At present, Tomcat 3.x has one very significant functional feature that
is not yet completed in Catalina -- support for the web server connectors
to Apache, Microsoft IIS, Netscape/iPlanet, and AOLServer. Work is
already under way to port the existing Tomcat 3.x connectors to Catalina,
and it is anticipated that this work will be completed in a timely
manner.
- Goals - The Catalina architecture was designed from its
inception to meet an articulated set of high level goals (see above).
The original goal of the Tomcat 3.x code base (prior to turning the
code over to Apache) was to produce a reference implementation, and
the Tomcat 3.x code has suffered churn in its architecture in part
because no such goals have been stated to compare it against.
- Maturity - Ironically, substantial portions of the
Catalina code base have been in their current organizational design
for much longer than the corresponding Tomcat code base. This is
partly due to the incremental way in which changes have occurred in
the Tomcat code base over the last year or so (including multiple
different approaches to some functional issues), but primarily due to
starting from a stable set of design goals. Tomcat 3.x continues to
exhibit an embarassing number of implementation bugs (for example, the
way that automatic reloading works when changes in Java class files are
detected is still fundamentally flawed in Tomcat 3.2).

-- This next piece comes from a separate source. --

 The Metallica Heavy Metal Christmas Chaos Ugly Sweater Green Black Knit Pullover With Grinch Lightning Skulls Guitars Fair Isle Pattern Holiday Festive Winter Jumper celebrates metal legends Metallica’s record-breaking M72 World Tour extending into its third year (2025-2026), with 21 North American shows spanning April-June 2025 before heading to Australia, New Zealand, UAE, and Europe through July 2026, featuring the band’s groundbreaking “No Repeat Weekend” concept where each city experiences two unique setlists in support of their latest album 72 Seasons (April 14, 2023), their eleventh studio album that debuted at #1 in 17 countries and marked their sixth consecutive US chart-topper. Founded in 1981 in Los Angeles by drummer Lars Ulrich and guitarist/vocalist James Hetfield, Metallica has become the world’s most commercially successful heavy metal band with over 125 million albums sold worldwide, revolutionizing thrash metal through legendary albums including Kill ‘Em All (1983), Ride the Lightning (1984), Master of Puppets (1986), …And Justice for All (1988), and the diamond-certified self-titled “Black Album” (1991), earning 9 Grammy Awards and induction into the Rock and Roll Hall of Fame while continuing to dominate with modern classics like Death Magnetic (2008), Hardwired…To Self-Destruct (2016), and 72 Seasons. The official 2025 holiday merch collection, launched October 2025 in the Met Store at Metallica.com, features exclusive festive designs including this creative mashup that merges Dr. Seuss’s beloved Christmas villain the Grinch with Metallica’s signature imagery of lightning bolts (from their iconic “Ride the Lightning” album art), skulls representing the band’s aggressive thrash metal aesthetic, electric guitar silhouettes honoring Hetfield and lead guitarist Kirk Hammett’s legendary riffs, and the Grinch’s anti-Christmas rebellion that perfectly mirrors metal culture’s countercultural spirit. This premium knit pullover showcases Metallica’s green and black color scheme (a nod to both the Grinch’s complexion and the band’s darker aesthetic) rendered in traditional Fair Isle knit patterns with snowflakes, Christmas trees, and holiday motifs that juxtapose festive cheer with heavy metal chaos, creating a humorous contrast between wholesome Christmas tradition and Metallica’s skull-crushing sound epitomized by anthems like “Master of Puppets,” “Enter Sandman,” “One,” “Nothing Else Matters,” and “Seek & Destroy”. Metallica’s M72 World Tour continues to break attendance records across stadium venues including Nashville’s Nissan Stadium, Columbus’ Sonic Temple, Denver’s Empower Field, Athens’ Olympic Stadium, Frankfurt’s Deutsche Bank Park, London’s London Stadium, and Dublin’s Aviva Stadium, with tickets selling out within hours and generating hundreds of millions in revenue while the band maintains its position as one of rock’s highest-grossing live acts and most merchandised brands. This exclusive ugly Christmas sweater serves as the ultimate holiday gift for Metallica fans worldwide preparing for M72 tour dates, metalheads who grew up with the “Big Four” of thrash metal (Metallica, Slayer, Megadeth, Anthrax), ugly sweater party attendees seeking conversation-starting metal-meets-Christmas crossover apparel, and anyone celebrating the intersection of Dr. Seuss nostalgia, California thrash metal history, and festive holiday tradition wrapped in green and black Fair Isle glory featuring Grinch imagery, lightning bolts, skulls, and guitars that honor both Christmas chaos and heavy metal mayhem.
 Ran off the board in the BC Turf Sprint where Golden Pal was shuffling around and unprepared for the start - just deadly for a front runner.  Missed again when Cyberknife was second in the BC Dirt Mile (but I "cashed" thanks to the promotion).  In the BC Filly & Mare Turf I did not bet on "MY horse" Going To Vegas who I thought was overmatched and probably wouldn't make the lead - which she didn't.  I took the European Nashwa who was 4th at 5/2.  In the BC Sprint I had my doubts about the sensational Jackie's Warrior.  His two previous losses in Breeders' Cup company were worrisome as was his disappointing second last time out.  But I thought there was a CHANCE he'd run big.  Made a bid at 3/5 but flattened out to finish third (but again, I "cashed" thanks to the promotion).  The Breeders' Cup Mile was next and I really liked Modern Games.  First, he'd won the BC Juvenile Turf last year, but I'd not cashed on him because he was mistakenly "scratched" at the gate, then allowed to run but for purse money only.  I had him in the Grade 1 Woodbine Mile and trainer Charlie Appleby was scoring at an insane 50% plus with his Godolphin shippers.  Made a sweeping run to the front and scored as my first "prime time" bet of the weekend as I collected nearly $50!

Tomcat 3.x, of course, has been tested in "real life" by substantial
numbers of people, whereas Catalina has been tested primarily by
pioneers. It is to be expected that implementation bugs exist in
Catalina -- although experience in fixing Catalina bugs to date has
been that nearly all of them are relatively localized implementation
problems, not issues that require fundamental design changes.

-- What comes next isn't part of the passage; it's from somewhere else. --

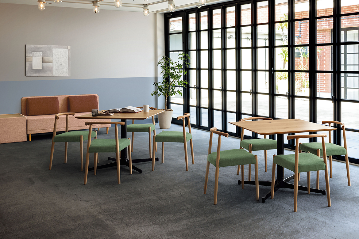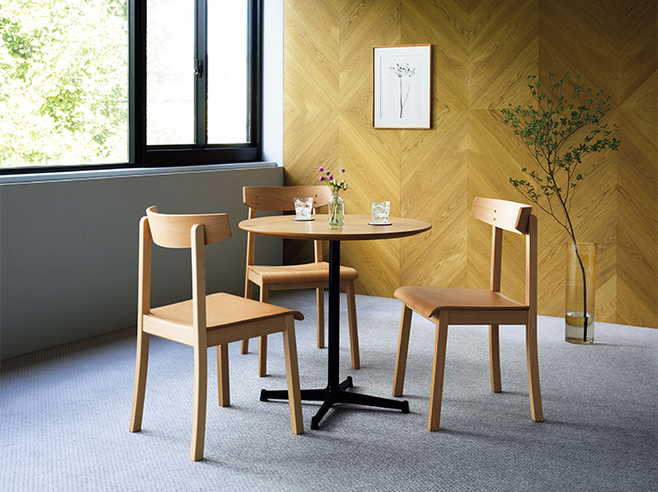 フレームラインの美しいチェアーが、心落ち着くつろぎの空間をつくります。
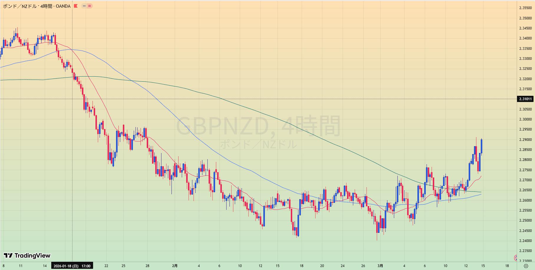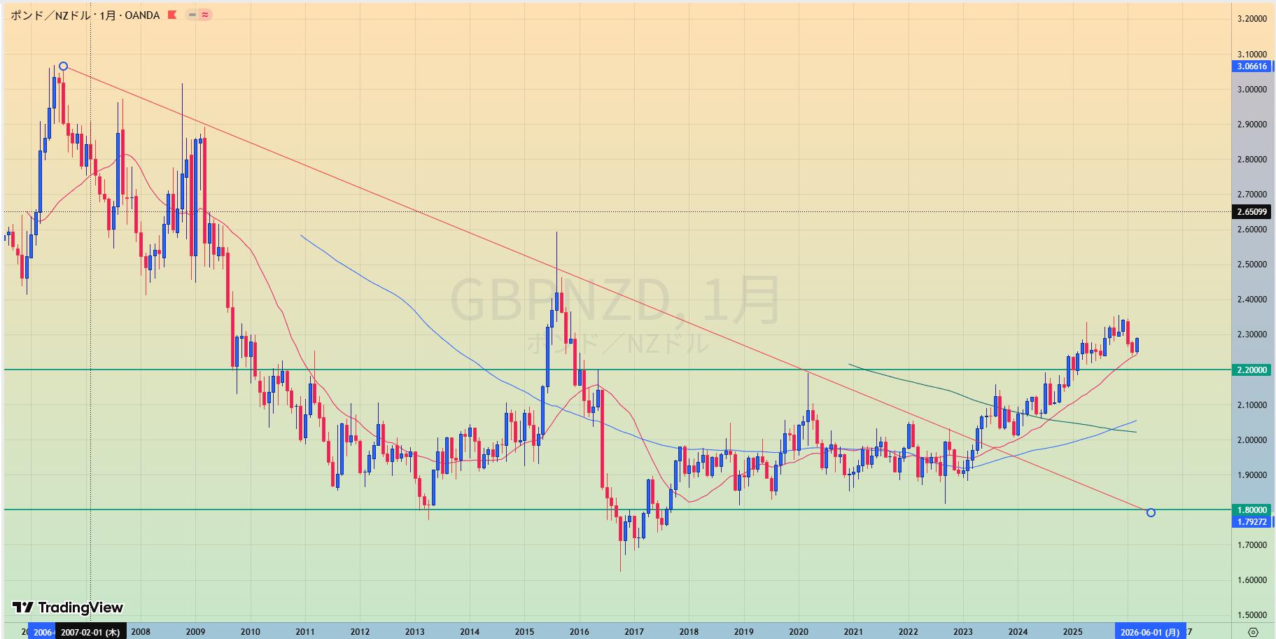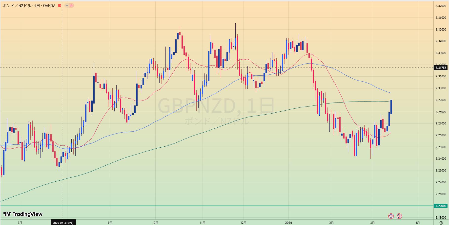 • レジラインを抜け2.2水平線でレジサポ転換でやや上昇優位2.20リテスト待ち

- Performance - No formal benchmarks have been published
by the Tomcat development team describing the performance of Tomcat 3.x
or Catalina. (In addition, I would take any benchmark that purports to
predict how *your* application will perform on a particular server with a
very large grain of salt :-). However, simple tests with tools like
ApacheBench and Microsoft's stress test indicate that Catalina is
faster than Tomcat on serving static resources (substantially faster if
caching is enabled, basically on par with Apache itself), and within a few
percentage points on serving "Hello, World" type servlets and JSP pages.

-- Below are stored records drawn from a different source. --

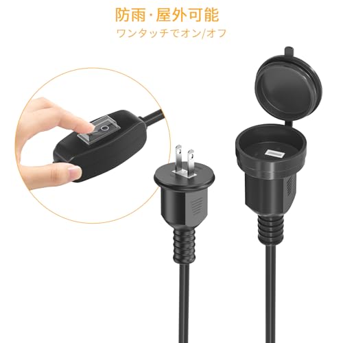 HITRENDS延長コード 5m 15V/1500W 屋外 電源コード 防水 スイッチ付き 作業用 延長ケーブル 防雨キャップ付 耐トラッキングカバー 電源タップ ト火災予防 絶縁キャップ付き 屋外 コンセント延長 作業用 2芯 1500Wまで 野外用 電動工具、草刈り機、照明用、掃除機など対応 【屋外OK】PSE認証
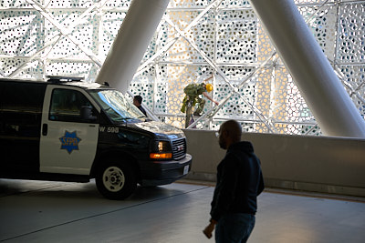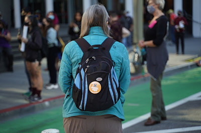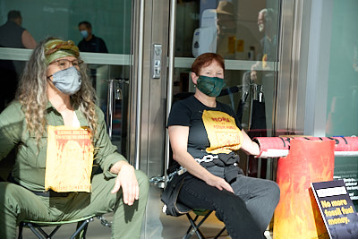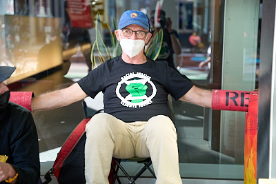 In addition to the action on the ground, two courageous young people scaled the wall of the Transbay terminal to unfurl a banner saying: “Investments set the world on fire from CA to Amazon #DefundClimateChaos.” The two were arrested after they returned to the ground, and were later cited and released. If you’d like to learn more, check out this inspiring recap with powerful statements from the climbers and many of the other participants.
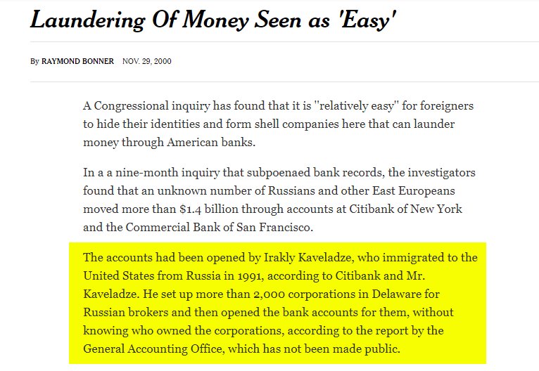 Kaveladze's job: Assist Russian leadership class in looting of their country and hiding it outside of Russia. 2000 anonymously owned companies, with anonymously owned bank accounts,$1.4 BILLION.

Only modest efforts to tune Catalina have taken place to date (compared
to the substantial -- and successful -- tuning efforts expended between
Tomcat 3.1 and 3.2), so it can be assumed that there is still significant
room for improvement through the usual techniques of isolating hot spots
and optimizing them.
The Catalina Proposal
Given this background, and the fact that initial public drafts of the
Servlet 2.3 and JSP 1.2 specifications is imminent, it is timely for us to
make a decision to use Catalina as the code base for Tomcat 4.0 (supporting
the features of the new specifications), while continuing to support the
Tomcat 3.x code base for as long as is appropriate. The associated proposal
for organizing the source code repository for Tomcat 4.0 development shows
how this dual track development approach can be supported easily.